Early attempts in this domain include FC-Net (Ma et al., 2021), which pioneered joint input of skeletal motion and facial point clouds. Subsequent advancements, such as ACMT-Net (Fang et al., 2022), introduced dynamic attention mechanisms to explicitly quantify mechanical impacts between bone and soft tissues. More recent models like P2P-ConvGC (Bao et al., 2024) and DGCFP (Huang et al., 2025) further integrated global context and dual-space convolutions to enhance feature extraction and reduce prediction errors. These innovations collectively represent significant progress in addressing the limitations of single-modality approaches and traditional biomechanical models.
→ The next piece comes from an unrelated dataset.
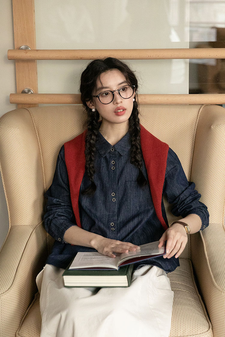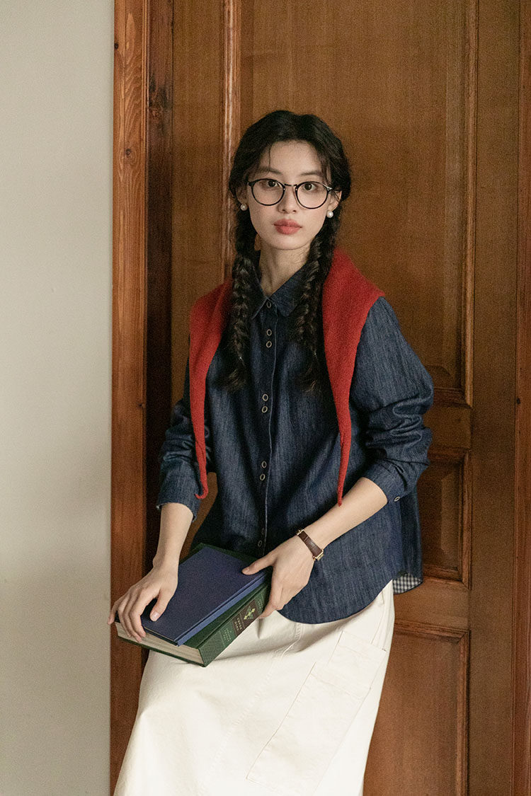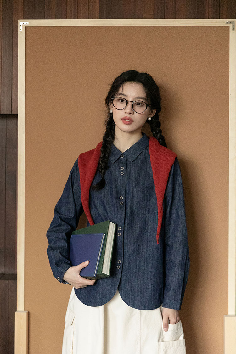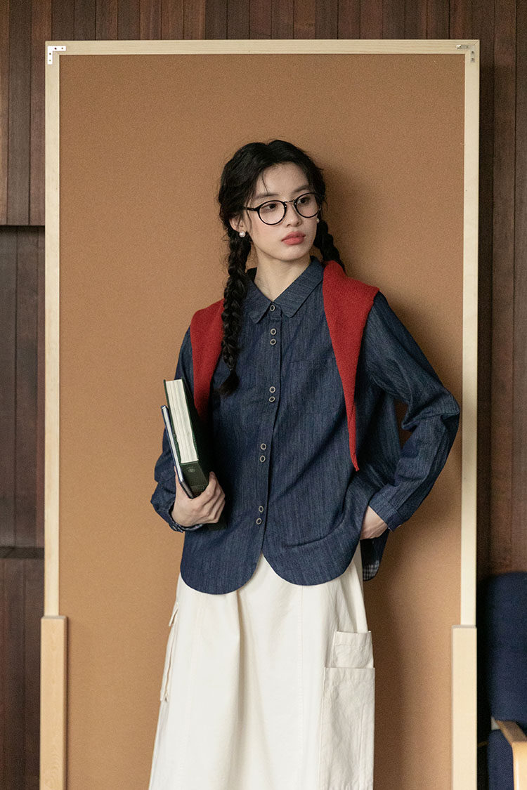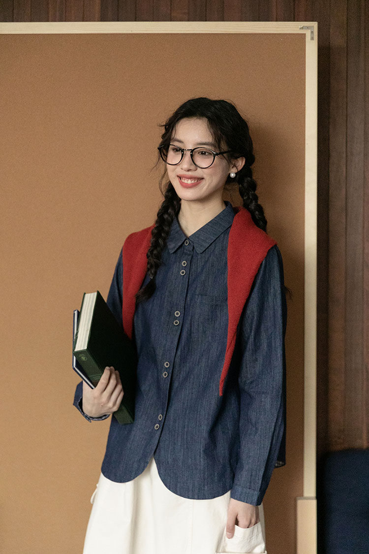 Японская осенняя рубашка, лонгслив, в западном стиле

Despite significant progress in joint prediction, existing reviews (Almarhoumi, 2024; Salazar et al., 2024) lack a comprehensive assessment of joint prediction, but predominantly focus on single-modality or independent prediction methods. These methods ignore the intrinsic connection between facial and internal skeletal structures, or only utilize the vertex set of the facial mesh without considering its inherent mesh structure, predicting only facial soft tissue without predicting skeletal changes, and thus unable to provide effective guidance for VSP. Therefore, the aim of our systematic review was to evaluate the development of artificial intelligence in joint prediction of facial soft-tissue and skeletal changes after orthognathic surgery, as well as to comprehensively assess its prediction accuracy and clinical usability.